Mesdames et Messieurs, chers Amis, vous comprenez mon émotion en inaugurant les fêtes du
8ème centenaire de notre cathédrale. Et encore il ne s’agit que de l’édifice actuel. En réalité, ce sont
16 siècles d’histoire et de foi concentrés en ce lieu.

Ceux qui disent que la cathédrale est peut-être un peu grande pour la pratique habituelle du
culte n’ont pas tort. Cela ne me dérange pas vraiment. Donner témoignage qu’il y a largement place
pour qui le souhaite, offre une bonne image de l’Eglise du Christ qui rassemble les fidèles, certes,
mais qui est ouverte également à la recherche des hommes, à leur besoin de réflexion et au sens de
l’art. J’ai l’impression que ce n’est pas inutile à notre époque, parce qu’il y a beaucoup de
souffrances à écouter, beaucoup de soifs de bonheur à combler, beaucoup de questions plus grandes
que nous à éclairer, auxquelles notre société ne parvient pas seule à apporter de réponses. Et cela à
la fois en ce qui concerne les personnes et, osons le dire, notre pays.

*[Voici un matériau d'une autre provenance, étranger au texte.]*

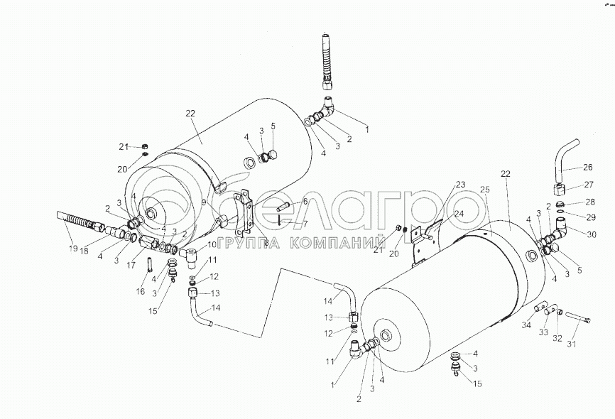 Каталог запасных частей к технике: МЗКТ-74296. Установка воздушных баллонов
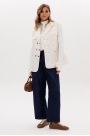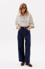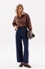 Джинсы-багги выполнены из плотного джинса. Брюки на притачном поясе, длиной до линии щиколотки, расширенные от бедер и слегка зауженные к низу. Спереди боковые карманы с фигурным входом. Застежка на пуговицу и молнию с гульфиком. На задних частях кокетки и накладные карманы. На передней и задней части коленные вытачки.
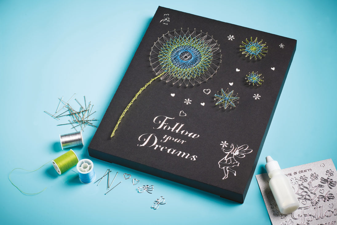 Create this fascinating and delicate dandelion clock design, using the traditional technique of pin and thread art. This innovative kit contains all the materials to create a delightful picture to brighten any room. Contents: Threads x 3 colours, pins, polystyrene base, black background card, backing board, self adhesive embellishments, PVA adhesive, pattern sheet and instructions (English/French/Italian)
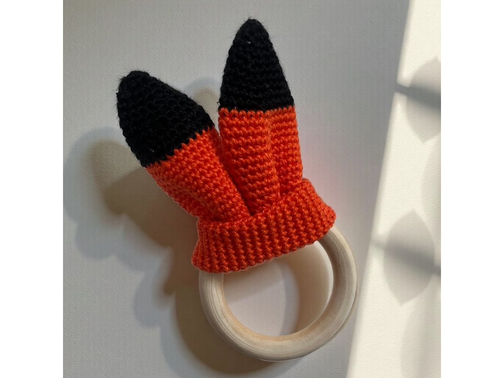 - Kousátko s oušky - dřevěný kroužek s háčkovanými oušky, které pomáhají při prořezávání zoubků
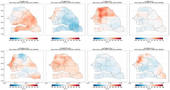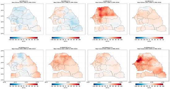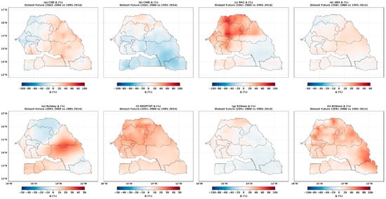 In Figure 11 related to the near-future period (2021–2040), several indices exhibit significant changes in their spatial patterns. As presented in Figure 9, the maximum number of consecutive wet days (CWDs; Figure 9b), mean daily rainfall intensity (SDII; Figure 9d), maximum 5-day precipitation accumulation (Rx5day; Figure 9e), and the frequency of heavy rainfall events (R10mm and R20mm; Figure 9g,h) demonstrate decreasing trends across large portions of northern Senegal. For example, SDII is projected to decline by approximately 15%, while CWDs may decrease by up to 50% in certain northern areas.
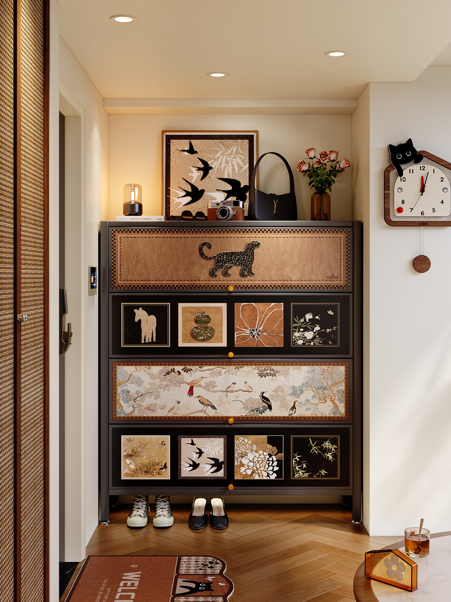 This shoe cabinet merges practical storage with artistic decoration in a creative way. By integrating patterns rich in Eastern cultural symbolism, it transcends its role as mere shoe storage, transforming into a meaningful home art piece.
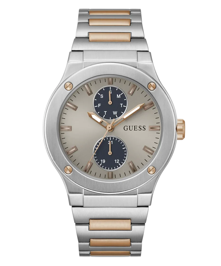 🕰 GUESS Silver and Rose Gold-Tone Multifunction Watch – Thiết kế nổi bật, đẹp không kém gì các mẫu cao cấp như F80, cực kỳ đáng sở hữu cho các anh muốn tìm một mẫu đồng hồ sang trọng, đậm...
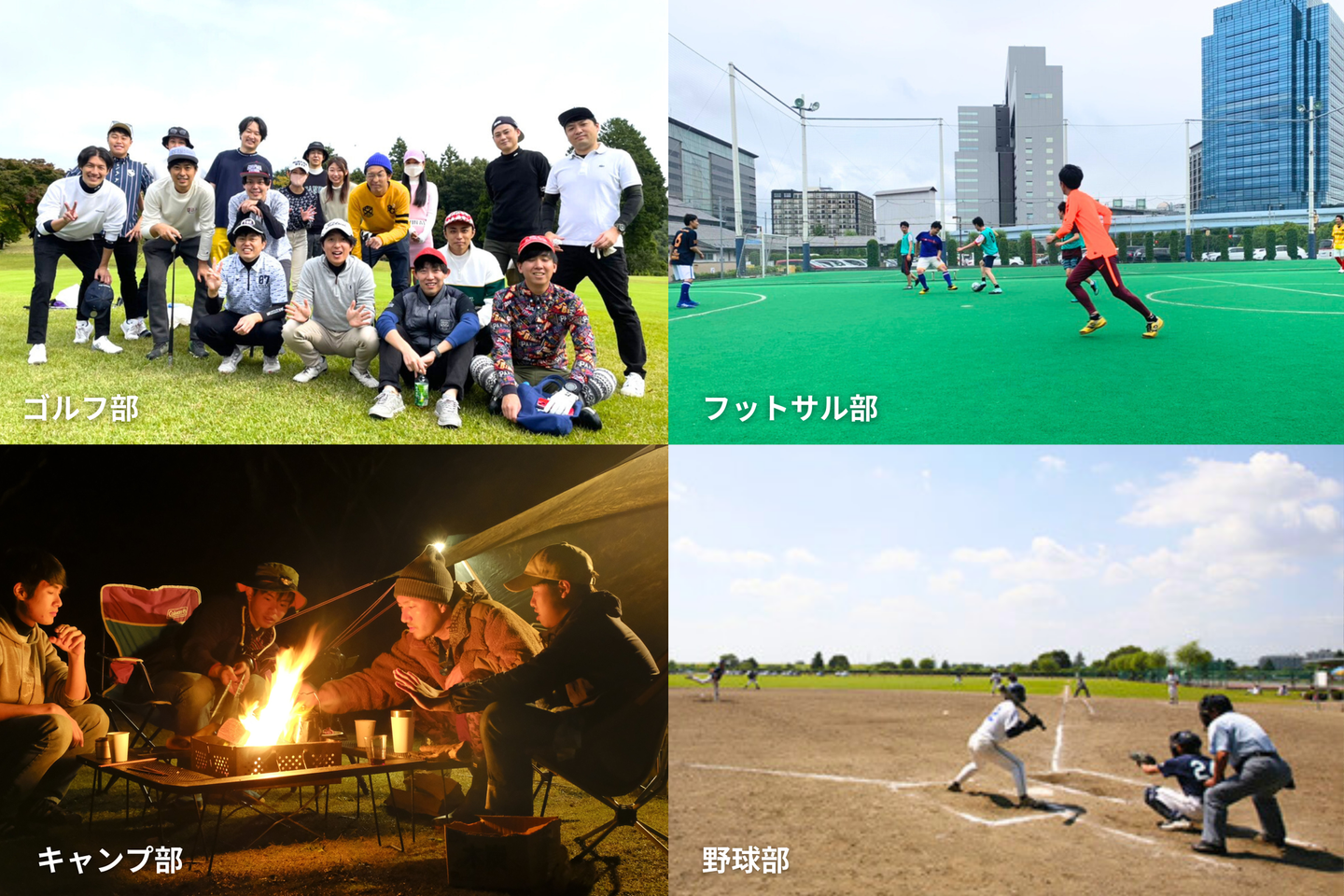 ゴルフ部、フットサル部、キャンプ部の他、野球部、テニス部、e-スポーツ部…などなどがあり、部署の垣根を超えて交流が行われています!
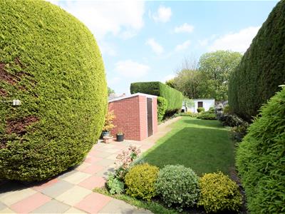 Externally, there is an attractive paved front garden with planting beds and a tall hedged boundary. The rear garden is a beautifully landscaped garden with tall manicured conifer hedging to both sides, stretching to 85ft plus the width of the detached garage to the rear, and with a paved patio and well maintained lawn, together with a brick storage shed.
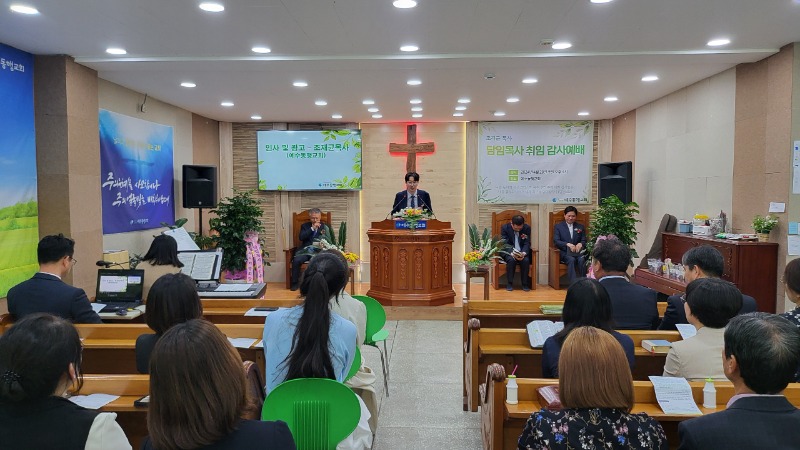 [채석일 기자]기독교대한성결교회 예수동행교회(담임목사 조재균)는 28일(일) 오후4시 예수동행교회 예배당에서 성결교단 경북서지방회장 김윤규목사(동부교회),송태영 장로(경북서지방회 부회장), 지역 목회자 및 성도들 100여명이 참석한 가운데 초대 조재균 담임목사 취임감사예배를 드렸다.
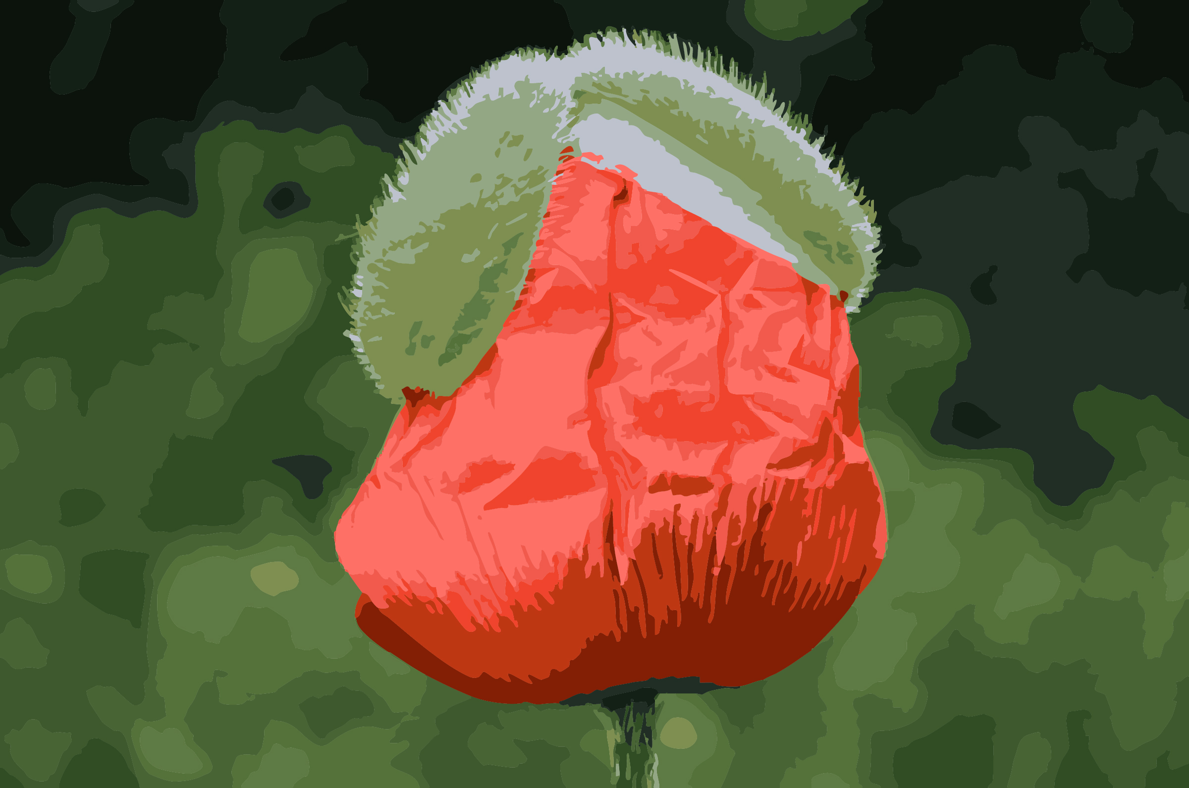 eine Mohnblume kurz vor dem Entfalten der Blüte. Die Knospe ist bereits gebrochen, die tiefroten Blütenblätter habe die grüne und stachelige Haut des Knospe bereits hochgeschoben. Nicht lange mehr und der Nicht mehr benötigte Schutzmantel wird abgeworfen sein. Deutlich wird die Kraft und das Ausmaß dieser Veränderung. Der Farbkontrast gibt an, dass eine neue Phase beginnt.

Par l’architecture et la beauté, par l’espace sacré qu’elle déploie, par le jeu de la lumière et de
l’ombre qui conduit au silence, par l’autel de l’offrande posé en son centre, la cathédrale poursuit
donc sa mission à travers les siècles, à Reims, en France et dans le monde. Vous le voyez, elle est
maintenant trop petite. Cela lui arrive de temps en temps, dans les grandes occasions de la vie
diocésaine ou pour des événements marquants de l’unité nationale. Aujourd’hui en tout cas vous
êtes venus en nombre, croyants connus ou anonymes, habitants de la Ville de Reims et des
environs, citoyens engagés dans la vie associative et culturelle, humbles donateurs et mécènes,
artisans et artistes qui travaillez sur le chantier de restauration et d’embellissement, et vous les
autorités publiques.

Je voudrais vous remercier tous chaleureusement de votre présence, et de votre soutien pour
l’objet de notre fierté. Ce soutien prend plusieurs formes : d’abord une sorte de consensus de la
population, sans quoi nous n’aurions rien pu faire ; ensuite un engagement fort du diocèse sur les
contenus ; et bien sûr une politique culturelle généreuse et audacieuse de l’Etat, de la Ville et des
différentes collectivités concernées, dans le respect de nos lois.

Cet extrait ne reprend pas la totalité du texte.